По понятным причинам монашество не могло быть общепринятым образом жизни, с неизбежностью оставаясь лишь путем немногих, путем избранных, путем тех, кто способен встать на него. Этот выбор всегда был свободным. Можно родиться, войдя в Христианское Общество; можно родиться вновь, приняв свободное решение вступить на монашескую стезю. Монашество оказывало мощное влияние и на внешний мир, и монахи не стремились отгородиться от исторических процессов, напротив, нередко принимали в них участие — по крайней мере, при помощи критики и увещеваний. Монашество было попыткой исполнить христианские обязанности, построить жизнь исключительно на христианских основаниях, в противоположность «миру сему». Неудачи исторического монашества необходимо признавать и спокойно анализировать. Их вскрывали и осуждали сами лидеры монашества, периодически предпринимая решительные преобразования. О «вырождении монашества» сейчас любят толковать многие историки. Однако «зов Пустыни» вновь обретает всё большую настойчивость и мощь; он не только волнует и влечет уставших от мирского и мечтающих о «бегстве» и «убежище» — он пробуждает также и тех, кто ревнует об обновлении объятого страхом и отчаянием мира. Монашество теперь притягивает к себе не только как школа созерцания, но и как школа послушания, социальный эксперимент, эксперимент совместной жизни. Именно здесь кроется причина восторга современного человека перед монастырской общиной. И в этой связи всё большее число ревностных христиан Запада и всего мира обращается к наследию восточного и византийского монашества, с восхищением и благодарностью воспринимая его обильные плоды.
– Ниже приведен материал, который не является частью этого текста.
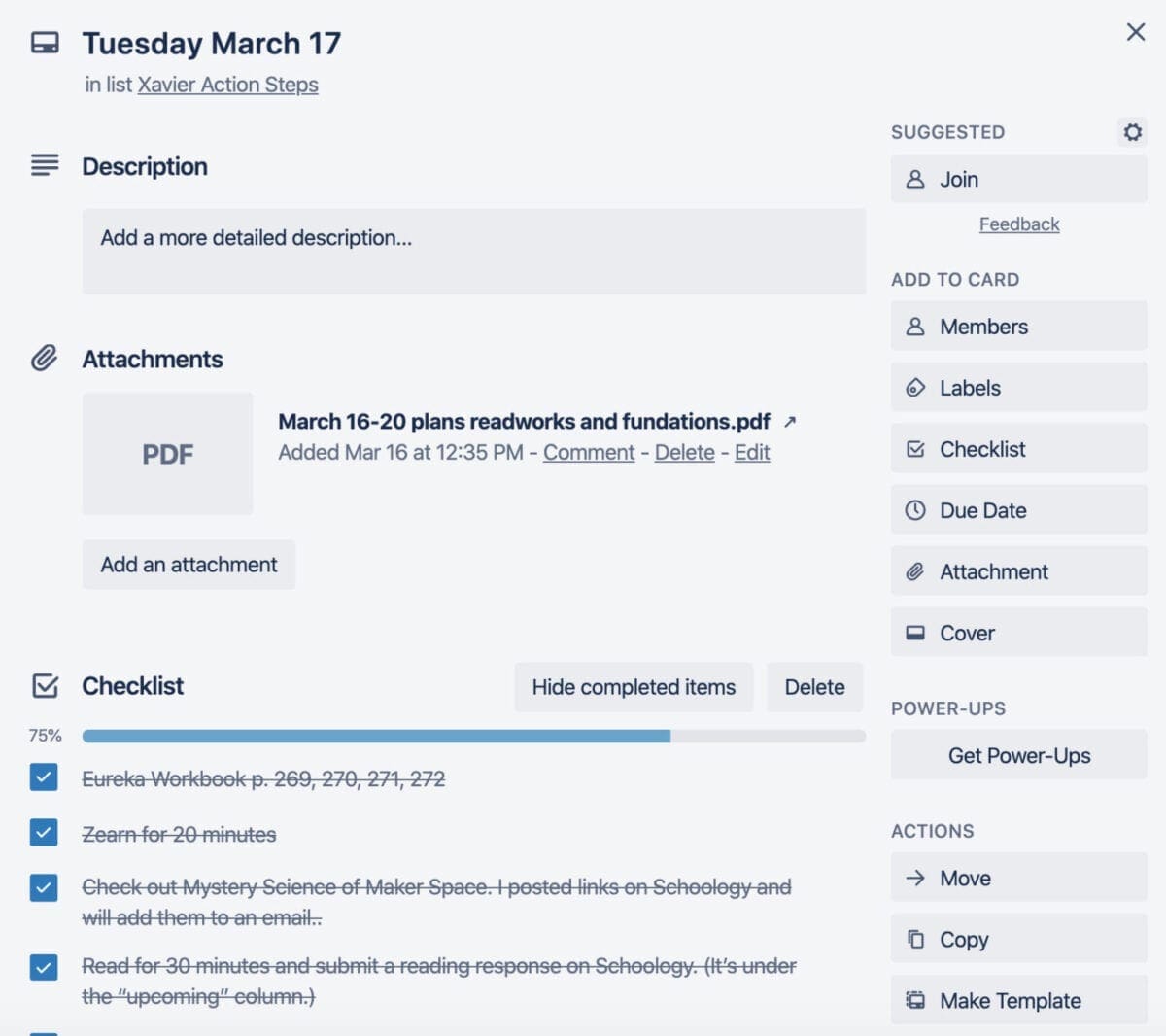 This column will contain any extra ideas for learning. If you get any ideas from Facebook, an email, Pinterest, your friend, and you think it could be a good fit for your child, throw it in this list! It’s essentially a dump list. You can store information and files within each card, more on that soon. If you decide to put one of these ideas into action, you can drag it over to the Action Steps list or place it into a checklist.

Церковь, утверждающая себя в мире, всегда открыта для искушения чрезмерного приспособления к нему — того, которое обычно называют «суетностью». Церкви, отделяющей себя от мира, ощущающей свою полную «неотмирность», грозит обратная опасность — чрезмерная обособленность. Есть и третья угроза, сыгравшая, быть может, наиболее печальную роль в истории христианства, — угроза двойных стандартов. Она возникла вместе с зарождением монашества. Монашество изначально мыслилось не как путь для немногих, а, скорее, как последовательное исполнение всеобщих, обязательных христианских обетов. Среди всех исторических компромиссов это был мощный вызов и напоминание. Но возник худший компромисс, когда монашество переистолковали как исключительный путь. Не только Христианское Общество раскололось на «религиозную» и «светскую» половины — раскололся надвое сам христианский идеал, который поляризовало коварное различие между «существенным» и «второстепенным», «обязательным» и «необязательным», между «правилом» и «советом». Ведь в действительности все христианские «правила» суть свободно принимаемые советы, а все «советы» требуют обязательного исполнения. Дух компромисса вкрадывается в христианскую действительность, когда официально разрешается и даже поощряется «хорошее» вместо «лучшего». Этот компромисс может быть практически неизбежным, но его нужно честно признать за компромисс. Различие способов ведения христианской жизни, разумеется, следует допустить. Чего не следует допускать, так это смещения их взаимного расположения на «шкале совершенства». И, конечно, «совершенство» — не совет, а правило, от стремления к которому отказываться нельзя никогда. Одна из величайших заслуг Византии состоит в том, что в своих официальных положениях она никогда не признавала двойственности мерок христианской жизни.

Византия потерпела неудачу, пытаясь создать ясные и гармоничные взаимоотношения между Церковью и остальным Содружеством. Ей не удалось отпереть врата Потерянного Рая. Впрочем, не удалось это и другим. Врата по–прежнему затворены. Византийский ключ к ним не подошел, остальные ключи тоже. Возможно, для этого последнего замка и нет земного, исторического ключа. Есть лишь эсхатологический ключ — истинный Ключ Давидов. Но Византия столетиями с пылкой решимостью и самоотверженностью боролась с реальной, серьезной проблемой. В наши дни, когда перед нами стоит та же проблема, для нас самих многое может проясниться в результате беспристрастного изучения восточного эксперимента, его надежд и неудач.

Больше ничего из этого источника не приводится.